Nichts ist schlimmer, als die Kontrolle der Kontrolle und dessen Kontrolle, ohne dass man zum gewünschten Ergebnis geführt wird. PCR-Kontrollen sind aber sehr wichtig und erleichtern die Analyse der Qualität ggf. auch der Quantität eines PCR-Produktes. Die einfachste Kontrolle ist eine „Positiv-Kontroll-PCR “, welche eine Aussage darüber erlaubt, ob alle PCR-Komponenten in der richtigen Konzentration eingesetzt worden sind, und ob der Thermocycler die einzelnen Zyklen moderat durchgeführt hat. Die einfachste Positiv-Kontrolle ist ein PCR-System (Matrize und Oligonucleotid), das bisher immer funktioniert hat. Erhält man hiermit ein Amplifikat, in dem eigentlichen PCR-Ansatz aber nicht, dann lässt sich der Fehler auf die entsprechende Probe beschränken. Um nun herauszufinden, ob etwaige Hemmstoffe in der Matrizen-Suspension vorliegen, oder ob die Matrize degradiert wurde, kann man eine weitere einfache Kontrolle durchführen, indem die funktionierende Positiv-Kontrolle direkt in den zu untersuchenden Reaktionsansatz pipettiert und die PCR anschließend durchgeführt wird. Lässt sich danach kein Amplifikat der Positiv-Kontrolle nachweisen, sind Inhibitoren in der Matrizen-Suspension vorhanden. Diese müssen durch die üblichen Reinigungsmethoden entfernt werden.

Weitere PCR-Kontrollen stellen die sogenannten „Negativ-Kontrollen “ dar, bei denen entweder die Matrize oder eines der Oligonucleotide nicht zum Ansatz hinzugegeben werden. Mit diesem Verfahren erhält man einen Hinweis darauf, ob z. B. eine DNA-Kontamination vorliegt (ohne Matrize darf nichts amplifiziert werden!), oder ob einer der Oligonucleotide häufiger und gegenläufig an die Matrize binden kann.

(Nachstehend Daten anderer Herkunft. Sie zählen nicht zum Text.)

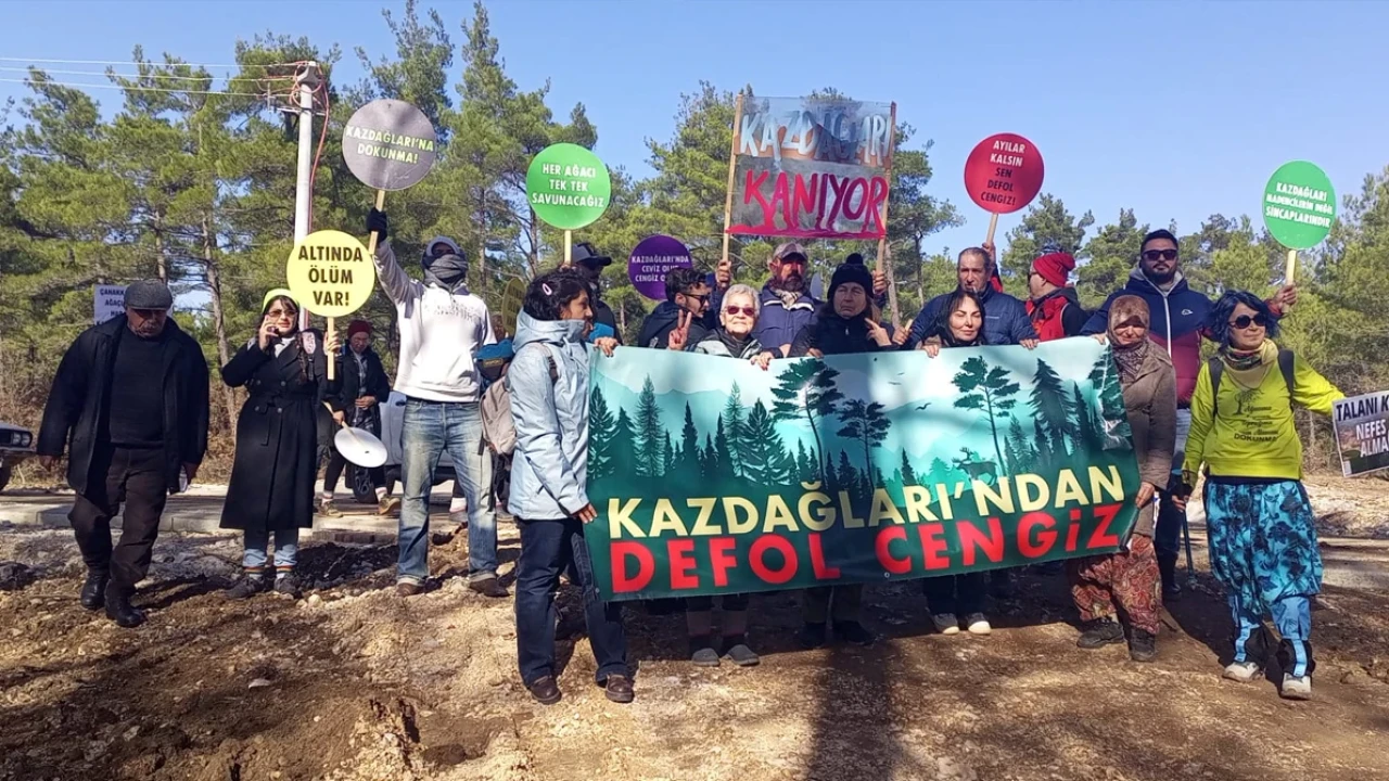Kaz Dağları’nda bakır altın madeni işletmek isteyen Cengiz Holding’e bağlı Truva Bakır A.Ş Hacıbekirler köyü yakınındaki ormanlık alanda bir aydır kesim yapıyor. Kesimin yapıldığı alanda “Kaz Dağı’ndan defol Cengiz” pankartı ile maden kamyonlarının önünü keserek çalışmalara engel olmaya çalışan yaşam savunucuları, soğuk, fırtına ve yağışlı havaya aldırış etmeden direnişi sürdürüyor. Kaz Dağları Ekoloji Platformu Koordinasyon üyesi Füsun Kayra, BirGün’e yaptığı açıklamada ‘‘Kesimin üçte ikisinden fazlası bitti. 600-700 bini geçen ağaç kesimi yapıldı. Alanda 1 milyon hatta daha da fazla ağaç kesilecek’’ dedi. Geçen hafta Yanıklar Köyü mevkiindeki Truva Bakır Maden İşletmeleri A.Ş. tarafından yapılması planlanan Feldspat Ocağı projesi ile ilgili “ÇED gerekli değildir” kararının iptali için açılan davada yürütmeyi durdurma kararı çıktığını anımsatan Kayra ‘‘Bu önemli bir karardı’’ diye konuştu. Çalışmaların yapıldığı ve 'ÇED olumlu' kararı veilen bölgenin 6 bin dönüm olduğunu anlatan Kayra ‘‘Yürütmenin durdurulması için açtığımız dava 5 aydır Danıştay'da. Bilirkişi raporu 'burada böyle bir maden açılamaz, kamu yararı yoktur' demişti. Danıştay'dan çıkacak kararı bekliyoruz. ‘Hukukun prensipleri geçiyor olsaydı Danıştay süreci devam eden bir yerde böyle bir şeye başlanmazdı’’ dedi.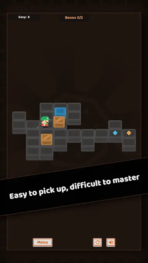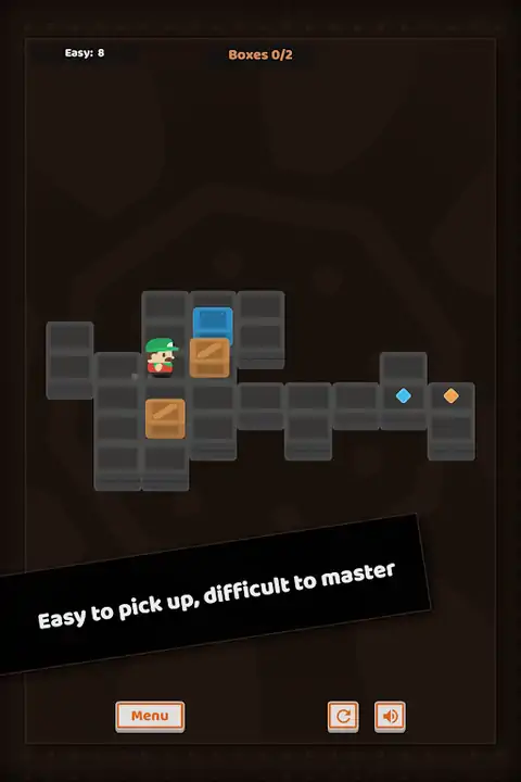 在这款受“推箱子”影响的休闲益智游戏中,将板条箱推入目标。

2.5 Allgemeines Troubleshooting

Leider passiert es sehr oft, dass die gewünschten Resultate nach einer PCR nicht erhalten werden. Ausschlaggebend hierfür sind meist sehr kleine Abweichungen von den optimalen Bedingungen, die allerdings ebenso schnell wieder eliminiert werden können. Da aber sehr viele unterschiedliche PCR-Parameter zu berücksichtigen sind, ist es notwendig, dass für eine erfolgreiche Fehlersuche (Troubleshooting) bzw. PCR-Optimierung (Kap. 20) jeweils nur einer dieser Parameter verändert wird. Nachfolgend sind verschiedene Möglichkeiten der Fehlersuche beschrieben, wobei für andere Kapitel sowie deren spezifische PCR-Anwendungen eine differente Troubleshooting-Strategie erforderlich sein kann.

2.5 Allgemeines Troubleshooting

Kein Amplifikat erhalten:

  • Reduktion oder Erhöhung der Ausgangsmatrize in 5 ng Schritten.

  • Systemüberprüfung, durch Durchführung einer Kontroll-PCR mit „funktionierenden“ PCR-Systemen.

  • Überprüfen der korrekten Annealing-Temperatur.

  • Hatte der Thermocycler einen Ausfall? Gegebenenfalls Thermocycler-Profil ausdrucken lassen.

Nach der Amplifikation wurde ein Bandenschmier festgestellt:

  • Annealing-Temperatur in 1,0 °C-Schritten erhöhen.

  • Dem PCR-Ansatz bis zu 10 % DMSO oder 5 % Formamid zusetzen.

  • Weniger Matrize einsetzen.

  • Überprüfen, ob die eingesetzten Oligonucleotide mehrmals an die Matrize binden, indem jeweils eines dieser Moleküle in der PCR eingesetzt wird.

  • Sicherstellen, dass nach den PCR-Zyklen eine mindestens 10 minütige Extensionszeit angeschlossen wurde.

  • Reduktion oder Erhöhung der Ausgangsmatrize in 5 ng Schritten.

  • Sicherstellen, dass nur sterile Lösungen und Reaktionsgefäße eingesetzt werden.

  • Überprüfen, ob die Elongationszeit ausreichend für die PCR (ca. 1 min pro 1000 bp) ist.

  • Erhöhen folgender Parameter/Konzentrationen: MnAc2 bzw. MgCl2 in 0,5 mM Schritten; PCR-Zyklen bis 35 Zyklen; Enzymkonzentration in 0,5 u Schritten; Oligonucleotidquantität in 5 pmol Schritten und RT-Temperatur in 2 °C Schritten.